By Samson Echenim
Despite claiming that enforcement of cabotage policies led to the creation of 7,000 jobs for Nigerian seamen and raising cabotage trade by 32 percent in just six months, Dakuku Peterside, director-general, Nigerian Maritime Administration and Safety Agency (NIMASA), has admitted that the agency has failed in the implementation of the country’s cabotage laws. Yet, there does not seem to be any sign that the success point would be hit any soon.
NIMASA is Nigeria’s apex maritime regulating agency charged with the implementation of the country’s coastal and inland Shipping Act, now known as the Cabotage Act, which was enacted to activate cabotage trade and maritime development in Africa’s biggest economy.
The cabotage act had made trading on Nigeria’s coastal waters the exclusive preserves of vessels owned by Nigerians, built-in Nigeria, manned by Nigerian seafarers and maintained in within the country.
Sixteen years later, the NIMASA enforcing regulations for local content in shipping businesses have failed to enforce the act, as foreign vessels with foreign seafarers continue to do business in Nigeria’s cabotage waters, with no local ship to contend with them.
At the assumption of office by the current management, hope went high for a positive change and a real Tonsdevelopment to begin in the maritime sector, especially as the Nigerian government also changed. There were promises of turning the maritime industry around and returning billions to billions of naira to the government from the sector, but no improvement, no better harmonisation and no good fortune has been seen in Nigeria’s maritime sector.
Last month, Peterside, the NIMASA chief said the agency had stopped waivers for foreign vessels to operate in Nigerian cabotage waters, while informing Nigerians that his enforcement of the cabotage act had led to creation of 7,000 jobs and raising cabotage platforms and vessels by about 32 percent. His claims came in spite of cries of local operators that foreign vessels were having a field day in Nigeria’s coastal waters, while some maritime workers accused him of bringing too much politics into his job as chief executive of the maritime regulatory agency.
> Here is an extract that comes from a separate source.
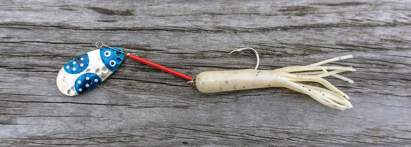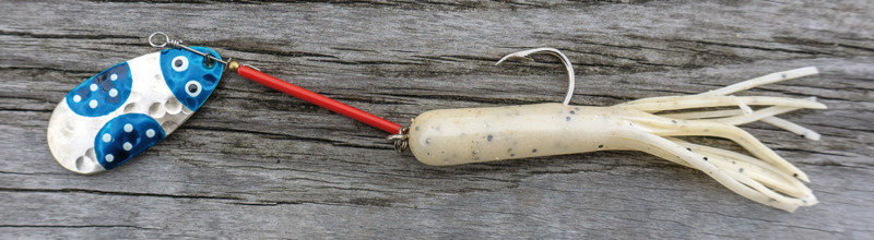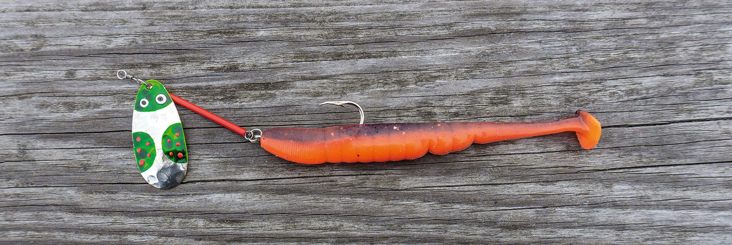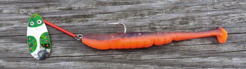Weil ich den Käferli-Löffel nur kombiniert anbiete, ersetze ich den mitgelieferten Drilling mit einem Einzelhaken, dessen Grösse sich nach der Länge des gewählten Trailers ausrichtet. Auf einen Drilling lassen sich meine Lieblingstrailer schlicht nicht anbringen und auf den Widerhaken, wo gestattet, verzichte ich auch nicht gerne, zumal ich bei dieser Technik eine eher höhere Fehlbissrate habe. Fische ich damit in unseren Breiten, d. h. vornehmlich auf Egli, verwende ich ein 15-Gramm-Blei. Nach längerem Ausprobieren hat sich das

Peterside, who abandoned the glary reality about the underdevelopment of Nigeria’s cabotage trade however, told the Alumni of Maritime Academy of Nigeria, Oron that the enforcement of the cabotage compliance strategy put in place by his NIMASA to “stop waivers on manning for prescribed categories of officers in vessels engaged in the cabotage trade has increased the number of Nigerians onboard vessels by 7,000.”
He said the implementation of cabotage policies was not a job for NIMASA alone, stressing that NIMASA cannot enforce the cabotage act all on its own.
“NIMASA alone cannot achieve the aspirations, intents and objectives of the Cabotage Act. I believe that we have not done very well but there is need for improvement. The greatest thing that can happen to us to achieve the Cabotage law is collaboration and cooperation. If we leave NIMASA to drive the Cabotage law, till tomorrow, we will not achieve anything. But if the regulator, stakeholder and industry all come together, that is the only way we can achieve the aspiration of the Cabotage law,” he stated.
“We have started a process of cessation of granting of waivers which all of us agreed has been abused over time. In the area of manning, we have put in place what we call the new cabotage compliance strategy,” he maintained, adding, “We are going to create incentive for those who are going to build vessels in-country.
He however said a new policy to ban importation vessels for cabotage trading was getting the support of other agencies of government, which input are needed to enforce the ban.
“We have got the buy-in of Customs, Central Bank, NNPC and other stakeholders to enforce ban on importation of vessels for cabotage trading. We have decided that certain categories of vessels cannot be built outside this country by the end of next year,” he said.
This is not the first time the NIMASA boss would be making promises of creating incentives for shipyards in Nigeria. In October 2015, shortly after he became the director general of NIMASA, he had embarked on a tour of all NIMASA formations and maritime operators facilities across the country. At the Onne Free Trade Zone, where the West Atlantic Shipyard operates, he had made the same promise. He also promised to acquire vehicles and marine platforms to help NIMASA officials go deeper into the waters to enforce cabotage regulations, but till date, the promises are still hanging.